Know that Master Chaucer long had perished
Before the age Columbus flourished
Who travelled the Atlantic without fear
Bringing things beforetimes unknown here.
'Tis sure that we will long lie in our graves
Before Tobacco English folk enslaves!"

Cast down the Lady looked away
But chanced to see a fine display
Of pages written wondrous fine
And thought, this may suit her design.

"Susan, if I rightly understand,
Are these indulgences in the Shrivener's hand?"
"Indeed, my lady.
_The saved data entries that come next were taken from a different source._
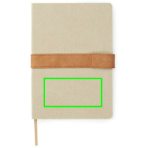 Take notes in style with our A5 notebook, featuring a canvas cover with a convenient PU-band and magnet closure. The notebook contains 80 sheets of 80 gsm RCS recycled paper with lined pages, making it perfect for all your note-taking needs. Made from 65% RCS (Recycled Claim Standard) certified recycled paper, the notebook is a responsible choice. The RCS certification ensures a fully certified supply chain of the recycled materials used, emphasising our commitment to responsible sourcing. The total recycled content of the notebook is based on its total weight.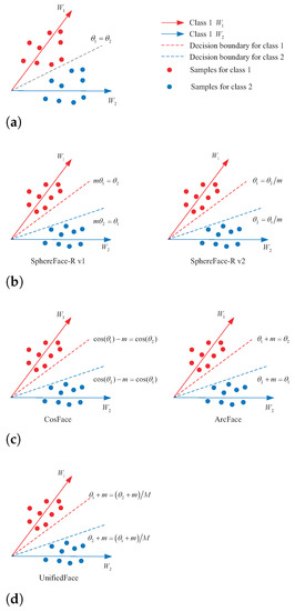 To facilitate understanding, the binary case is considered to illustrate intuitively the uniform additive and multiplicative margins. Figure 5 intuitively compares the no angular margin, multiplicative angular margin, additive angular margin, and uniform angular margin. For a sample x, if no margin is introduced, becomes the decision boundary for class 1, i.e., the decision boundary is , as illustrated in Figure 5a. When both additive and multiplicative margins are introduced, it also means that and . is the decision boundary for class 1. When the sample x belongs to class 1, it is required that . Correctly classifying sample x into class 1 requires , while correctly classifying sample x into class 2 requires . As shown in Table 3, the decision boundary of UnifiedFace is more stringent. That is when the sample x belonging to class 1 is correctly classified, is smaller than the other loss functions of both additive margin and multiplicative margin. The process of UnifiedFace supervise face recognition network is illustrated in Figure 6.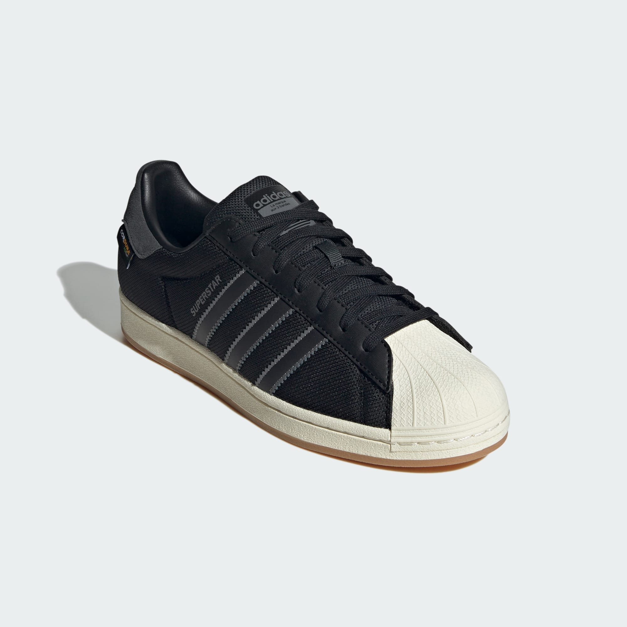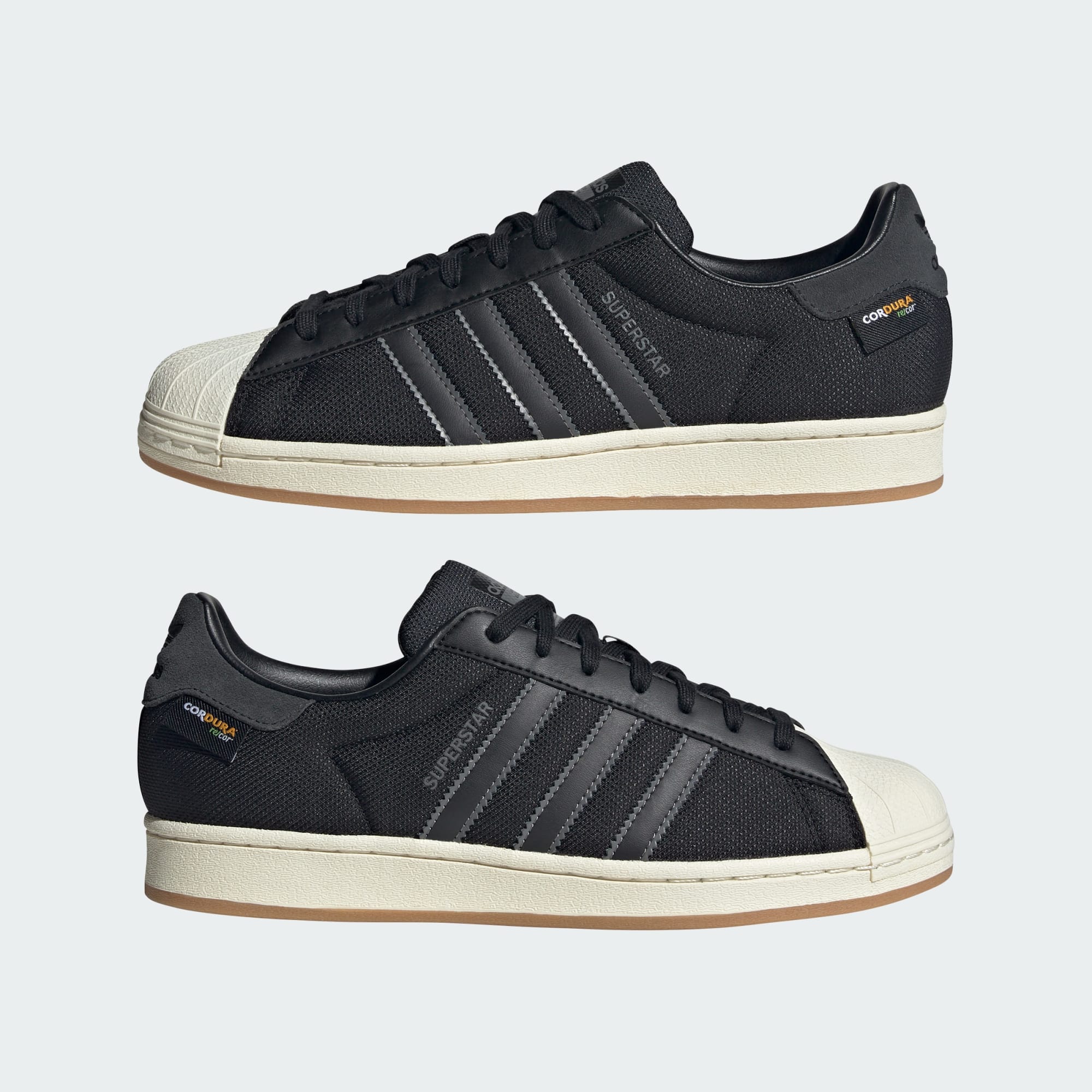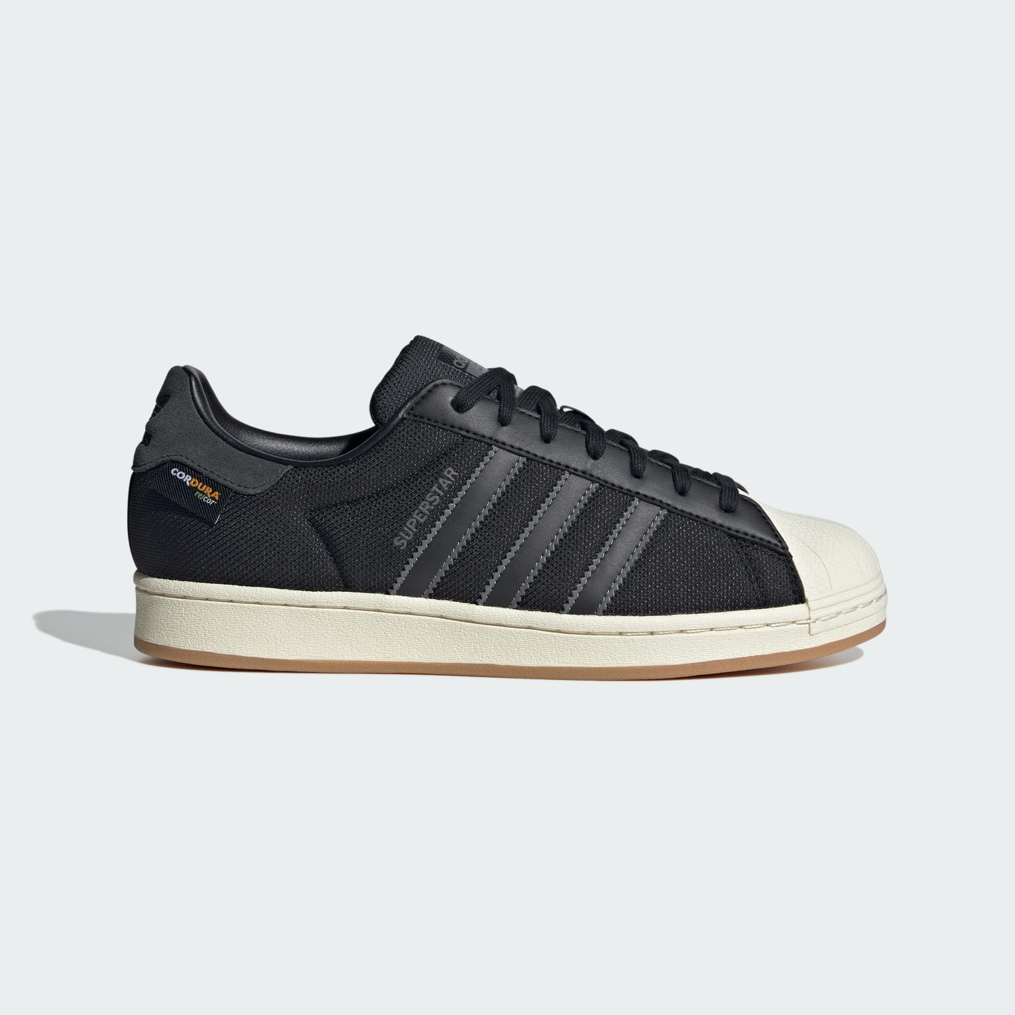 The adidas Superstar shoes have delivered timeless style for over fifty years. From the rubber shell toe to the serrated 3-Stripes, these shoes have remained an icon. This pair shakes up the classic look with a durable CORDURA® upper for an all-seasons energy. Earthy tones and the vintage gum sole bring home the aesthetic. Time to go out and kick up some autumn leaves.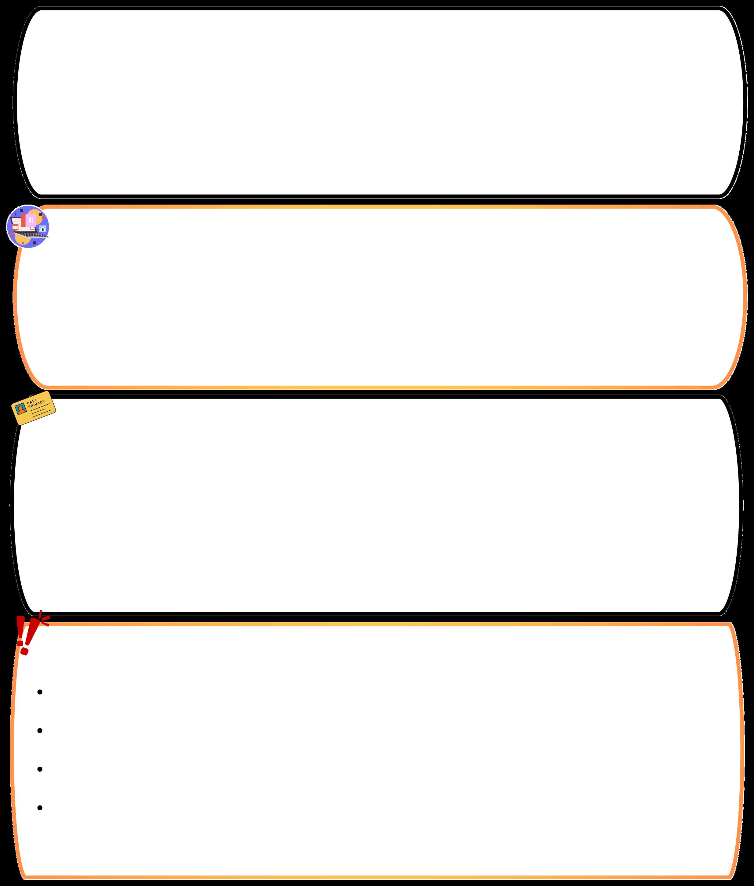 WhenusingAItools,it’sreallyimportanttoprotectyourownprivacy andtheprivacyofothers. Neverenterpersonaldetailslikenames,addresses,phonenumbers,orinformationaboutyourself, classmatesorteachersintoAIsystems.Oncethatinformationgoesintothetool,wecan’tcontrol whereitgoesorhowit’sused.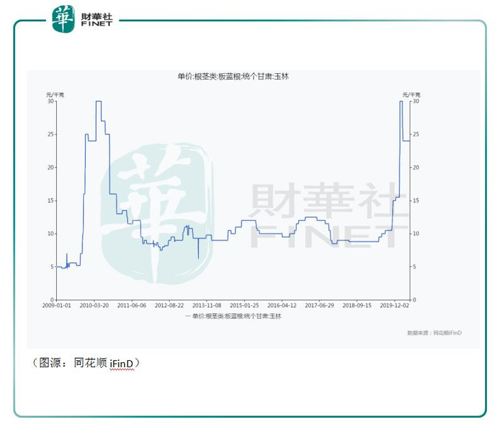 近十年板蓝根的两个价格高峰(下图为板蓝根采购价,成品零售价亦会对应上涨)分别是09年到10年初的甲流及今年年初的新冠肺炎。但板蓝根价格高位维持的时间相对会较短,且不同流行病毒之间相距的时间较长,平常时间价格主要在10元/千克上下徘徊。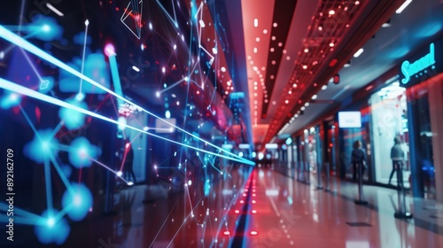 Futuristic Cityscape with Digital Network Display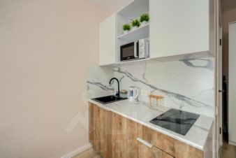 - Оборудованная мини-кухня (холодильник, варочная панель, микроволновая печь, электрический чайник).
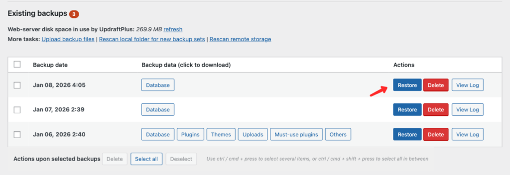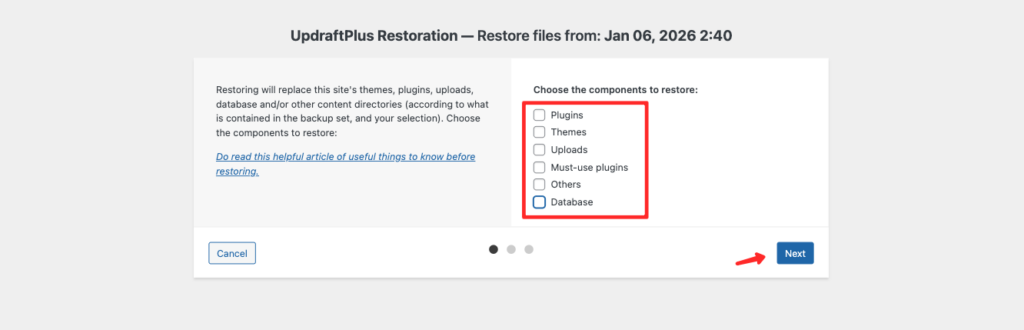 - Pilih data yang ingin direstore (database, plugin, theme, uploads, dll)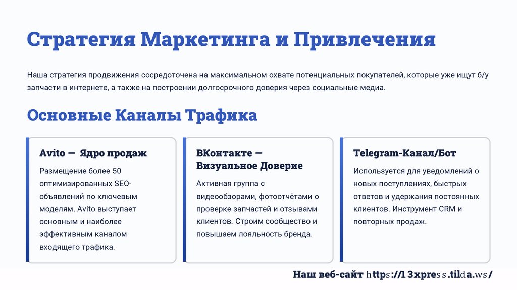 Стратегия Маркетинга и ПривлеченияНаша стратегия продвижения сосредоточена на максимальном охвате потенциальных покупателей, которые уже ищут б/у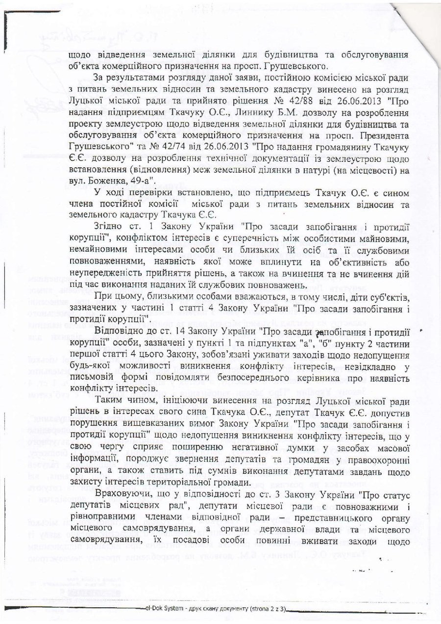 За результатами перевірки встановили, що 19 червня 2013 року «депутатом Ткачуком Є.Є, голові постійної комісії міської ради з питань земельних відносин та земельного кадастру подано заяву із проханням включення на розгляд комісії питання про надання підприємцям Ткачуку О.Є., Линнику Б.М. дозволу на розроблення проекту землеустрою щодо відведення земельної ділянки для будівництва та обслуговування об’єкта комерційного призначення на просп. Грушевського».

Are they not nice?
Tuppence ha'penny, and cheap at half the price!"

Lady Lilian, her purchase made did quickly go;
And her intentions ye betimes shall know.

A woman of the company there was,
Who, as a punishment, and for just cause,
About her neck a cangue did wear,
For spiteful tales that she was wont to bear.
Sharp-nosed, haggardly and pale,
Now set she up a high complaining wail:
"You started off in prose, and now speak verse.
'Tis no better so - I find it worse!
Now I rhyme myself, against my will!
Let me speak in prose, or I'll be still!"
To be still, though, was never her intent,
She scolded forth, the Tongue Hell sent.
"And verily, 'tis rather strange
Remarking on the counting of the change.
These foolish jests methinks should stop.
D'ye know another way to run a shop?
Surely Master Chaucer must despise
These idle stories and impious lies.
Though ignorant Plowmen may flounce and rage,
Ne'er shall he place them on the Foremost Page!"

"And so predictable" a voice affirmed,
Of a silly fop who'd sat and squirmed,
The while the Shrivener her tale had told,
Now by the Carter's wife's harangue made bold.
Ever eager his own voice to hear
Though in an inn he but the bags did bear.
He pointed out the story's failings
And added his two pence to Susan's railings.

"The bed-trick it will be, I'd say.
I see it coming from a mile away!
Original and fresh, my favorite plot,
'Twill be a rare, delightful pleasure - Not."